From the time he was a toddler, Wright lived in a tumble-down mansion called Can Marroig. In the 1980s, his mother, Dana Wright, converted the abandoned building into a cultural center and commune, known for full moon parties in which hundreds of people on the then less-populated island participated. “I relate my background on Formentera with music,” Wright says, explaining that he taught himself to play on instruments that were left in the house between happenings.
“Max was a hippie kid,” recalls Shelley Morris, who was playing bongos at the Jazz Festival jam. Morris shared her memories of the Blue Bar, where in those early days — when Pink Floyd’s Syd Barrett was among its visitors — she slept out back and swam naked in the sea. She watched from the ocean one day when Spain’s Franco-era Civil Guard arrived and rounded up the other paradise seekers living there for the summer, part of a government campaign to expel undesirables from the island. Today, Blue Bar remains an idyllic spot, now one with an upscale menu and a vibe that’s more hipster than hippie.

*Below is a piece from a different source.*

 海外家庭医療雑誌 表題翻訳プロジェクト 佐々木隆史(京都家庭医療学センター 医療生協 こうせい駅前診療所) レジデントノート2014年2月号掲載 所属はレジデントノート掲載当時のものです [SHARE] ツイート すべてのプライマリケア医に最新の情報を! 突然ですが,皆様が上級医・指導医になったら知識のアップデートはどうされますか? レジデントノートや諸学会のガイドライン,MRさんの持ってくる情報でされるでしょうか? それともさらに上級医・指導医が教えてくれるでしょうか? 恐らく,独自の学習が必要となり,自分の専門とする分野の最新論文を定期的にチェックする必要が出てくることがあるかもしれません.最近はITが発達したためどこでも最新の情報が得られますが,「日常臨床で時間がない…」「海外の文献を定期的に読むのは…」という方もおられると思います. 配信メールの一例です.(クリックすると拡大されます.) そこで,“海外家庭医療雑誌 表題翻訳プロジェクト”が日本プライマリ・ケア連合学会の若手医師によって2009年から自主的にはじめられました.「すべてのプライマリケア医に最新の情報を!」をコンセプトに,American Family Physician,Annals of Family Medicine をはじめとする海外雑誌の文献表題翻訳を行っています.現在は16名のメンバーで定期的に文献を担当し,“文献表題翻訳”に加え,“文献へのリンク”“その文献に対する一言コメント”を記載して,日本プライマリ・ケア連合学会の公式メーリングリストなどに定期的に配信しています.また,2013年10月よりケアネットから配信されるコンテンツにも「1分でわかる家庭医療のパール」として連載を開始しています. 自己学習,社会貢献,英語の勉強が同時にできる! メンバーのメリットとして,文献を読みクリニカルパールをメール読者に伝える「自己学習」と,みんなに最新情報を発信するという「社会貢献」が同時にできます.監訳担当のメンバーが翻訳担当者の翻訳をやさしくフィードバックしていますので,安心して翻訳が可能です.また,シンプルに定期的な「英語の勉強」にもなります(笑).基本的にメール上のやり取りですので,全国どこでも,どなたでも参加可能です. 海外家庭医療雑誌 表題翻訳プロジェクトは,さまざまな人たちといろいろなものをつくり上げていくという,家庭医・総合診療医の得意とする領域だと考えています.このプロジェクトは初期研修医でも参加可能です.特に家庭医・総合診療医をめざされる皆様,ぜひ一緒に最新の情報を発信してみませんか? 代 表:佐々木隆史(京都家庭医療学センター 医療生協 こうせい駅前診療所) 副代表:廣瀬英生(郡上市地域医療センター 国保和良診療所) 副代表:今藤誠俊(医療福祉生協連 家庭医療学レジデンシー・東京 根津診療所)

On Formentera, the local language, a dialect of Catalan, can still be heard, but Italian is the tongue of the majority of the summer people. One longtime visitor to the island recalled taking a bike ride back in the day with the members of Pink Floyd to show them Illetes beach, a place where “it felt like you could see fairies among the trees.” On a recent afternoon, there were so many yachts parked in front of the overbooked sand there that it looked the set of a reggaeton video.

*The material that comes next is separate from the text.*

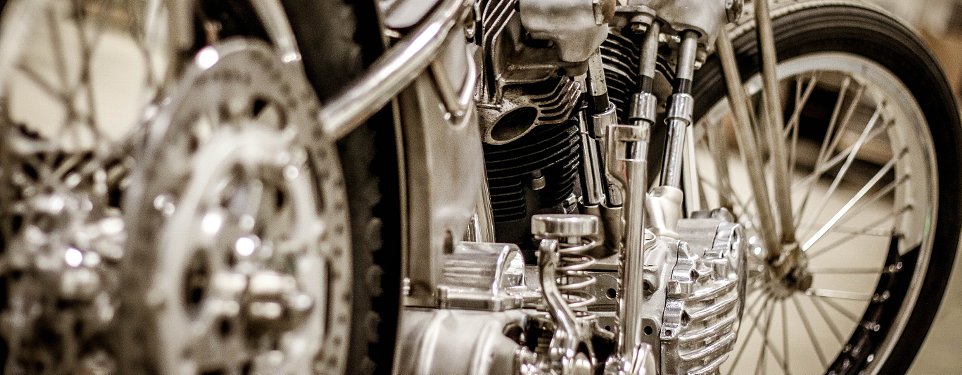 He also machined his own hubs for the wheels. One half is standard H-D cross-4 spoke lacing, and the other side is radially spoked. I get confused lacing a wheel normally, and this guy’s treating the process like a punchline. When he got all done conquering that little brain-teaser, Christian turned his attention to the gearbox.

But there’s no doubt that Formentera maintains its magic, at least at this time of year; its landscape has been protected by anti-development regulations and there are other beaches off the beaten path; its laid-back communal spirit and crystalline waters endure, and you can be awakened by the crow of a rooster in the morning.
“People who were there then come back and they think they’re going to hate it, but they don’t,” Tony Gartell comments.

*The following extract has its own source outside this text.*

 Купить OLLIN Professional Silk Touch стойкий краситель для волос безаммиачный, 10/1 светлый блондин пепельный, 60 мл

Wright says that with the Formentera Jazz Festival, he wants “to give back to the island” that raised him. He’s done so by vitalizing live performance in a place where, as Gartell tells it, musicians have been overshadowed by DJs since the dawn of disco, and cobbled until recently by strict restrictions on playing live music in bars and restaurants. (The festival had to overcome its own particularly local challenges, like having to stop a sound check at the request of a priest who came out of the church to complain it was interrupting Mass.)
For the audience, the no-hype, no-brand signage, no-wristband festival offers the gift of spontaneity, a chance to stumble upon an artist who’ve you’ve never heard of performing. Wright’s “little help from my friends” (and some government and local commercial sponsors) event is a showcase for new, or at least not-widely-known talent — to name a few more: Nesrine Belmokh, Mel Semé, and the Norberto Rodriguez Band. Antonio Lizana, the Southern Spanish flamenco singer and saxophonist who appeared with his quartet, deserves mentioning again.
The seaside jam session, with its good vibes and captivated crowd, seemed like a nod to those parties at Wright’s old Formentera home (which has has since taken over by the government as part of a nature preserve.) The next morning, Wright, looking sleepy and holding his infant son in his arms, could be found seeing friends off at the ferry dock. He gave the concert his own seal of approval: “It was like 1969!”